Mistake 1: Covariate Ambivalence

The mistake: Including different covariates in the first and second stages.

Griliches & Mason (1972) included age in the second stage but not in the first stage. This is wrong because the first-stage residual (si − ŝi) is only guaranteed to be uncorrelated with variables included in the first stage.

Rule: Always include the same exogenous covariates in both stages. If a covariate is good enough for the second stage, it's good enough for the first.

Mistake 2: Forbidden Regressions

The mistake: Using nonlinear first-stage fitted values (e.g., Probit) as plug-in replacements in the second stage.

Suppose di is a binary endogenous variable. You might think: "Since di is 0/1, use Probit for the first stage instead of OLS."

Why it's wrong: Only OLS residuals are guaranteed to be uncorrelated with fitted values and covariates (by the normal equations). Probit residuals lack this property unless the Probit model is correctly specified — which we cannot verify.

Correct alternatives:

  • Standard 2SLS: Use a linear first stage (always consistent regardless of first-stage functional form)
  • Nonlinear fits as instruments: Use d̂probit as an instrument (not a plug-in) in standard 2SLS. This can improve efficiency if the Probit model is a good approximation

Caveat: Using nonlinear fits as instruments implicitly uses the nonlinearity as identifying information. If the instruments Zi appear in the causal equation, the model should be unidentified, but the nonlinear first stage creates "back-door" identification through functional form — which is questionable.
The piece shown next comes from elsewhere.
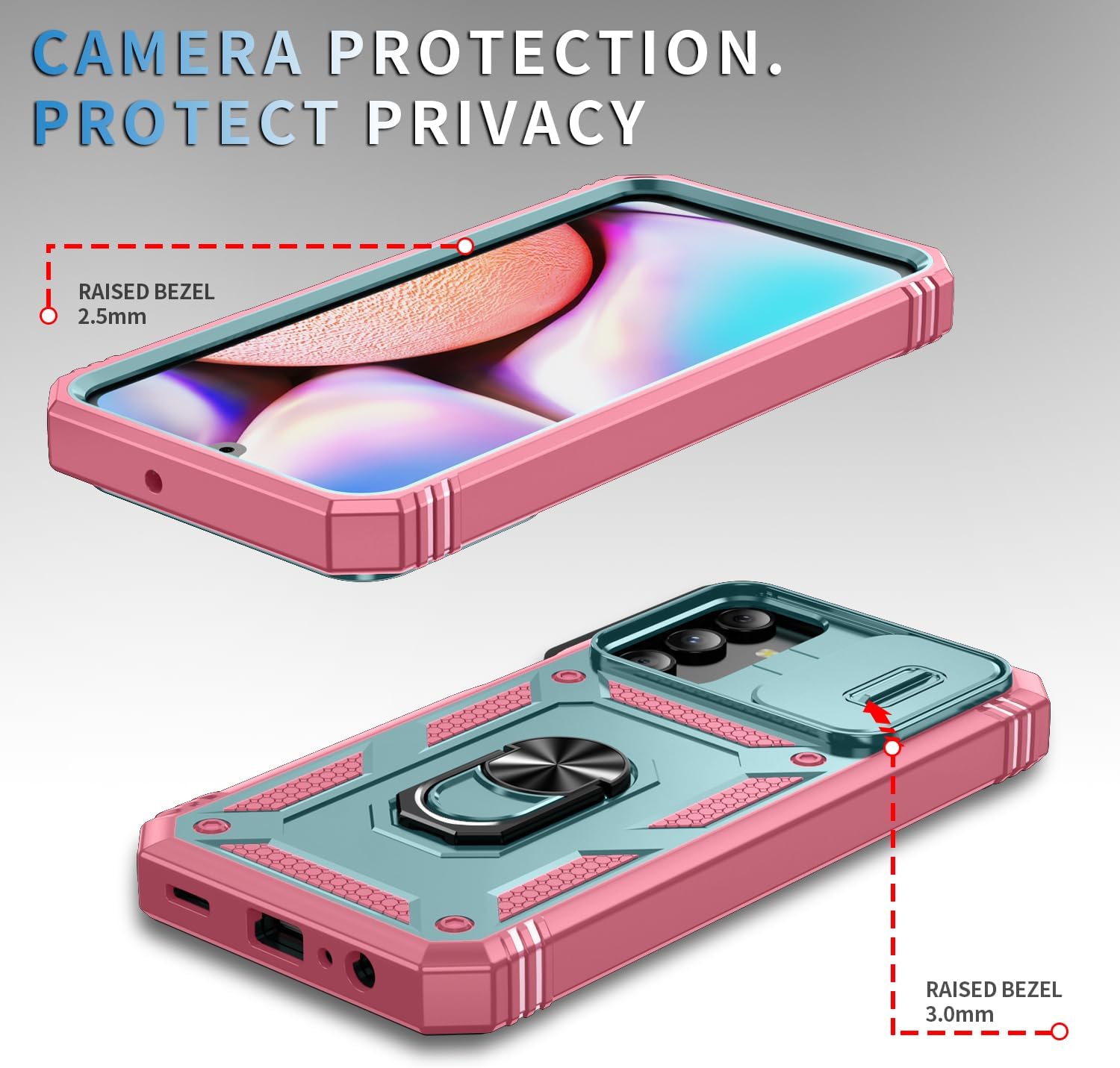 【A15 5G Phone Case with Camera Cover】The case galaxy a15 4g unique lens cover function.slide cover design for protecting privacy and hide the camera perfectly,protect the lenses from scuffs, smudges, and other debris build up with a15 5G phone case, no longer needed glass camera protector.NO FRONT PROTECTION.
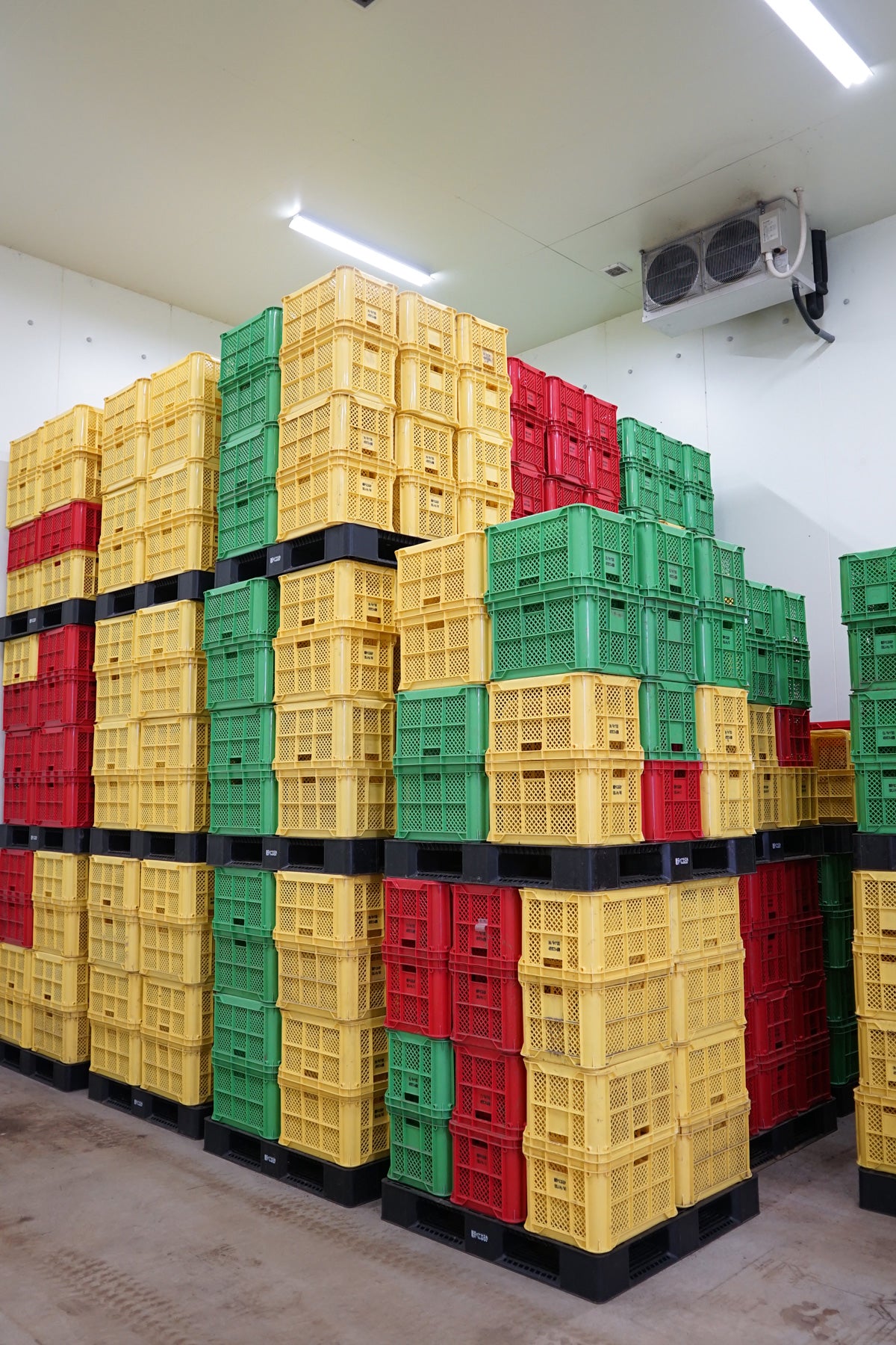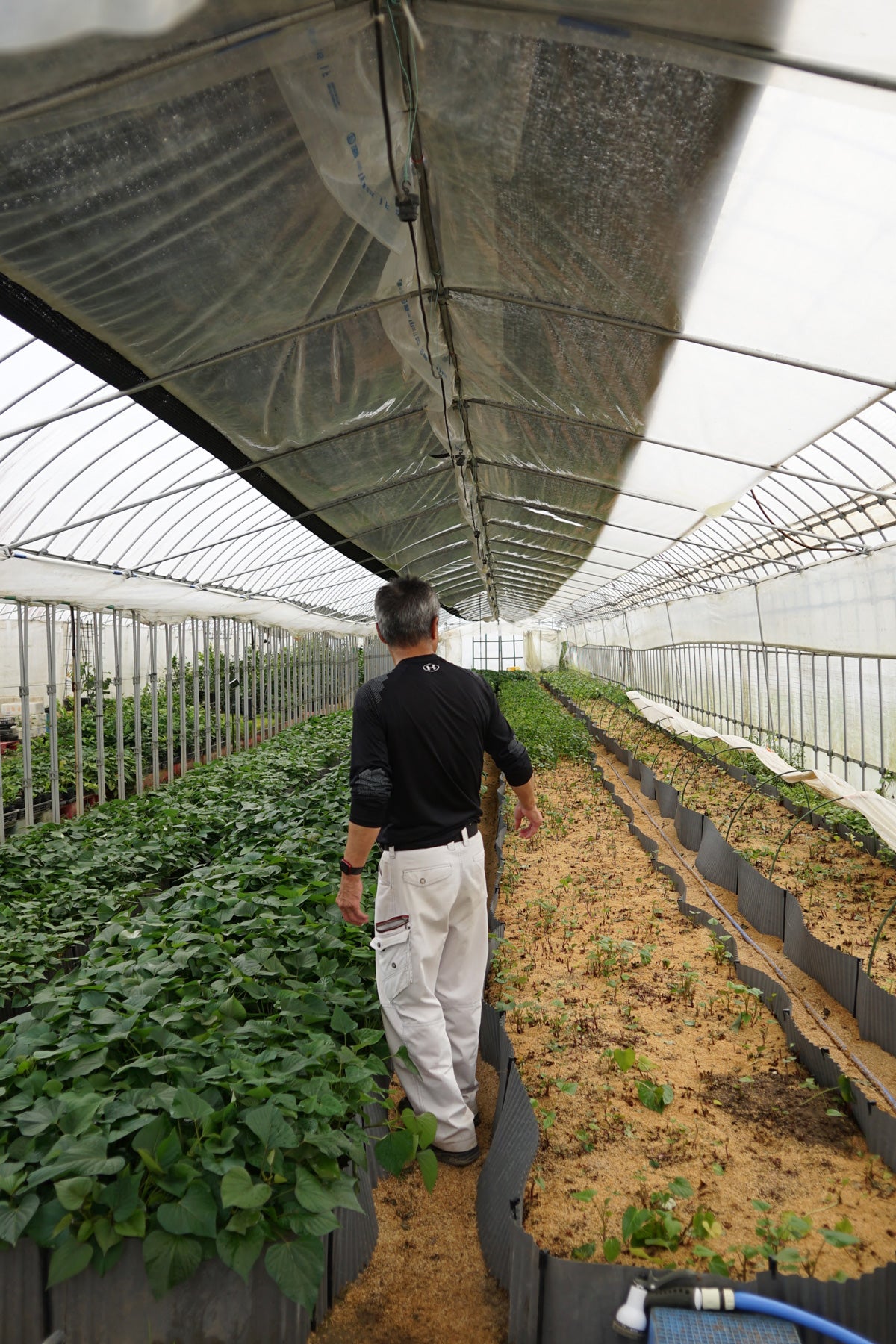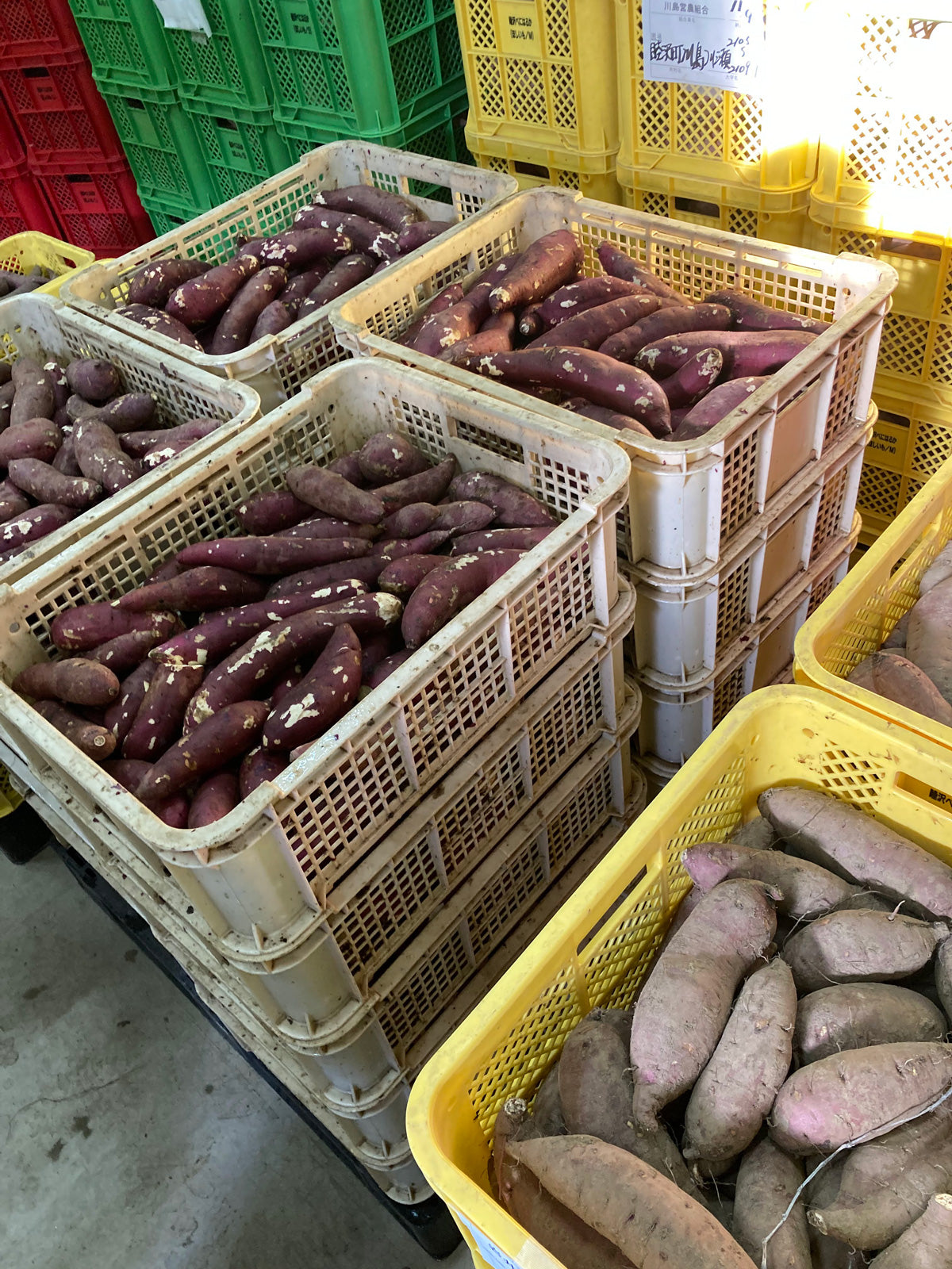 紅はるかは春の終わりから植えられ、約5ヶ月間かけて栽培され秋から冬に収穫されます。収穫時の糖度は約9度。低温度・高湿度の環境の冷蔵保管庫で熟成することで糖度は14度まで上がります。その後、洗浄・選別され、地元の天然ガスを使って蒸されます。蒸したさつまいもの皮をナイフでむき、スライスしてから平置きで乾燥させます。

Mistake 3: Forbidden Nonlinear Second Stage

With a quadratic model yi = δ'Xi + ρ₁si + ρ₂si² + εi, do not plug in ŝ and ŝ² from a single first stage. Instead, treat both si and si² as separate endogenous variables, each with its own first-stage equation, and use proper 2SLS.

4.6.2 Peer Effects

Type 1: Effect of Group Average of One Variable on Individual Outcome of Another

Example: Does average schooling in a state (S̄jt) affect individual wages? (Acemoglu & Angrist 2000)

Yijt = αj + λt + ρsi + ψS̄jt + ujt + εijt

Problem: If OLS and 2SLS (using state dummies) give different estimates of ρ, then ψ̂ ≠ 0 mechanically, even without true externalities.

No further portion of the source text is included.